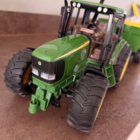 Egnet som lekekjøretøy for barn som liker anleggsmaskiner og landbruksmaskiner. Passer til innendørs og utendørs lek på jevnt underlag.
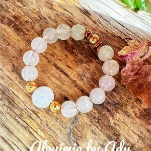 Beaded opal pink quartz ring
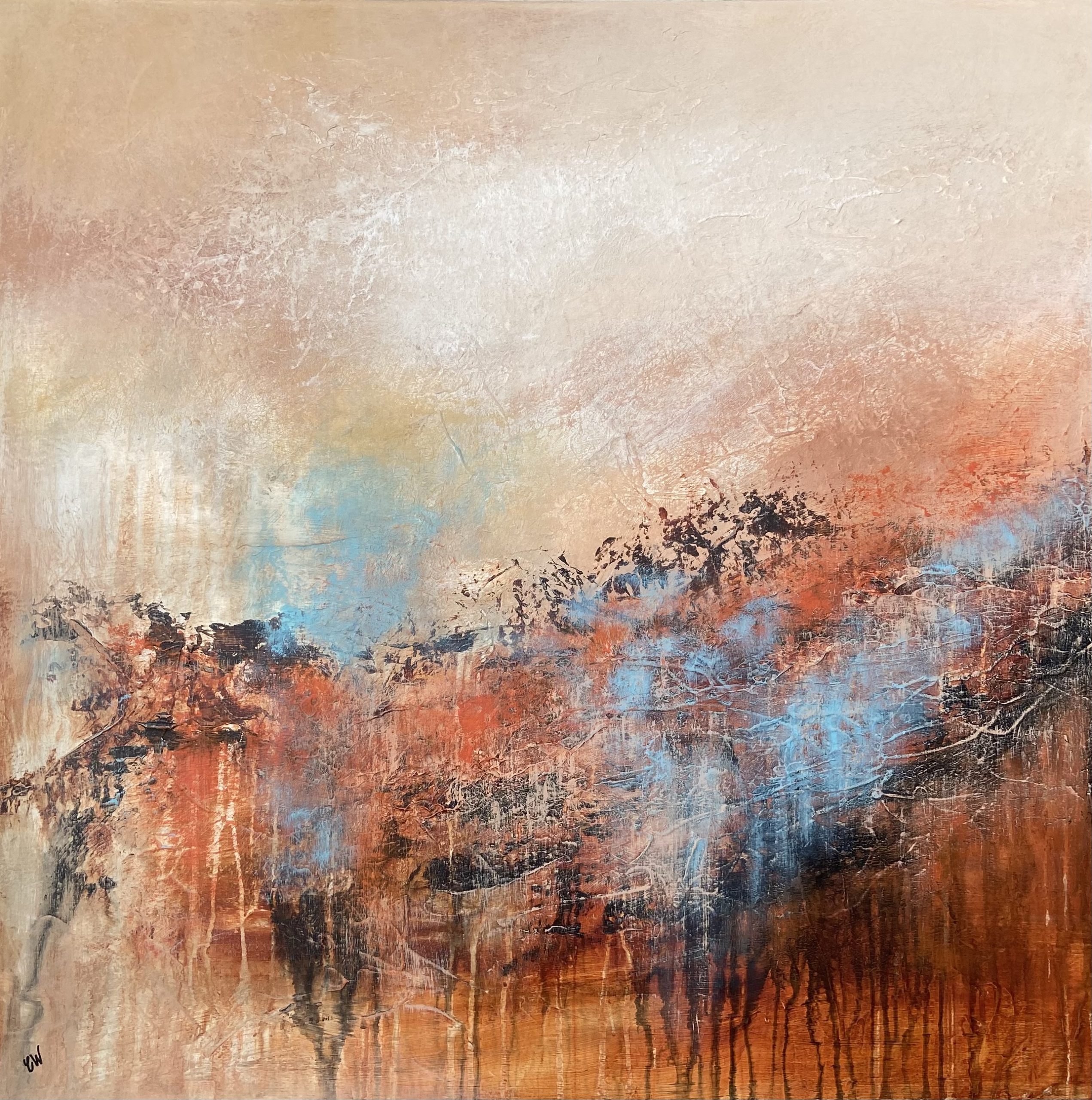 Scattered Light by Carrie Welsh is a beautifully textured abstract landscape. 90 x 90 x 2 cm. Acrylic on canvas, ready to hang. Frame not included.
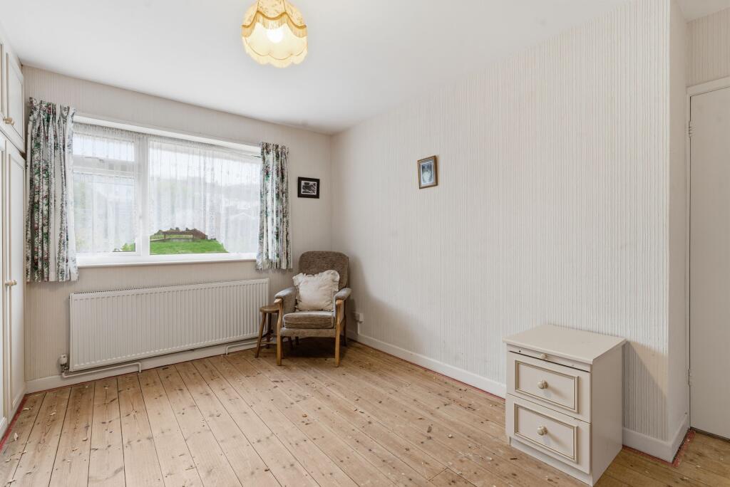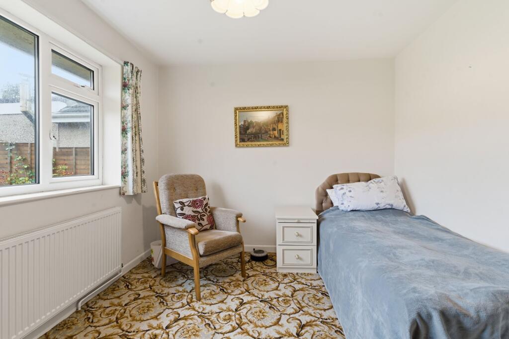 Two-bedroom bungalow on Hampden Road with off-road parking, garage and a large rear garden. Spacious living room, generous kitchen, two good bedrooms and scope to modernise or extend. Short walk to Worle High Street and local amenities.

+---+

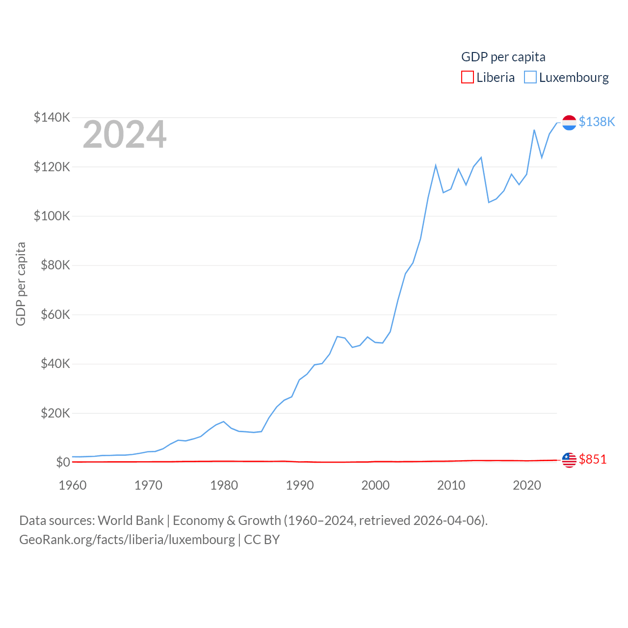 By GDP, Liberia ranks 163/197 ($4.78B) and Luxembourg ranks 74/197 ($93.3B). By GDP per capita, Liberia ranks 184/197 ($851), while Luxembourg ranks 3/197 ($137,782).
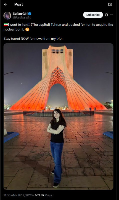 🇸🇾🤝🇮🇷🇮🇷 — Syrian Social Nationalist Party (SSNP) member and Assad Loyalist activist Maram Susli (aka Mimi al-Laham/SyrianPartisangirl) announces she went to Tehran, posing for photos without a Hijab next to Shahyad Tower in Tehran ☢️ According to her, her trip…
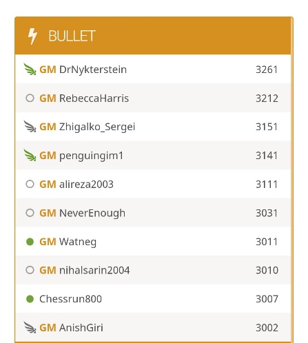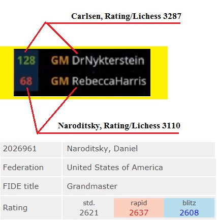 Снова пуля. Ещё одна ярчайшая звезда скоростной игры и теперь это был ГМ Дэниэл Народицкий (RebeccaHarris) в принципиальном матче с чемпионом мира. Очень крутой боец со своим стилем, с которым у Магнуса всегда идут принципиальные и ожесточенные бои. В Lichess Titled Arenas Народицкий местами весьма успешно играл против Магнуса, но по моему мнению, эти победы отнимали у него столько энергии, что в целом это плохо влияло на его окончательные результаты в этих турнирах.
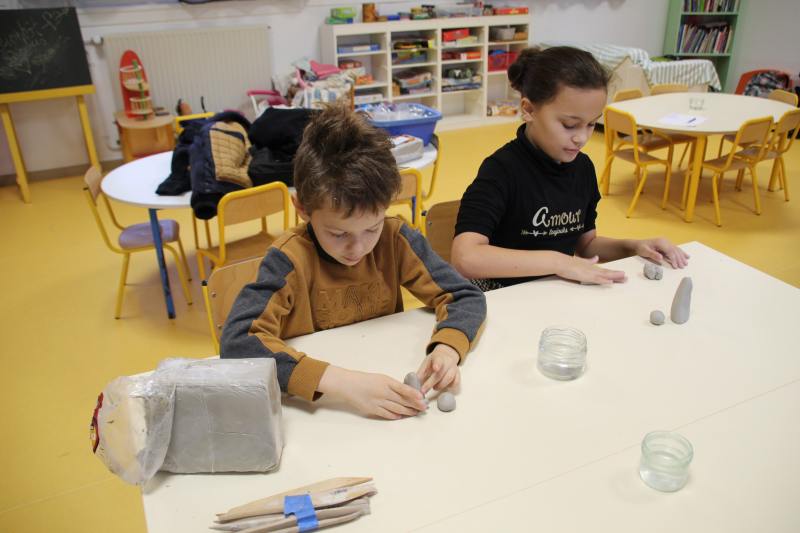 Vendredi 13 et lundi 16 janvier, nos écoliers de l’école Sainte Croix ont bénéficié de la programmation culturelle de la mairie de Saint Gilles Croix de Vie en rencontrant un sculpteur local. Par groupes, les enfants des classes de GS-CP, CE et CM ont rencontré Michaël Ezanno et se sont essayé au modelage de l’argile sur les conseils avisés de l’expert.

+---+

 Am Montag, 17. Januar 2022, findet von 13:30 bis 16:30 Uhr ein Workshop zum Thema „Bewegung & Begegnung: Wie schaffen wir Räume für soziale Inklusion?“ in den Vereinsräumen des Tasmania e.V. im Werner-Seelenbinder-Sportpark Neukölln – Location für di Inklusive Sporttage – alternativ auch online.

+---+

■ Task goal: Set the pictures aside and transcribe exactly the stretch of lines above, beginning with the one holding "Снова пуля. Ещё" and ending with the one holding "Vendredi 13 et".

■ The answer:
 Снова пуля. Ещё одна ярчайшая звезда скоростной игры и теперь это был ГМ Дэниэл Народицкий (RebeccaHarris) в принципиальном матче с чемпионом мира. Очень крутой боец со своим стилем, с которым у Магнуса всегда идут принципиальные и ожесточенные бои. В Lichess Titled Arenas Народицкий местами весьма успешно играл против Магнуса, но по моему мнению, эти победы отнимали у него столько энергии, что в целом это плохо влияло на его окончательные результаты в этих турнирах.
 Vendredi 13 et lundi 16 janvier, nos écoliers de l’école Sainte Croix ont bénéficié de la programmation culturelle de la mairie de Saint Gilles Croix de Vie en rencontrant un sculpteur local. Par groupes, les enfants des classes de GS-CP, CE et CM ont rencontré Michaël Ezanno et se sont essayé au modelage de l’argile sur les conseils avisés de l’expert.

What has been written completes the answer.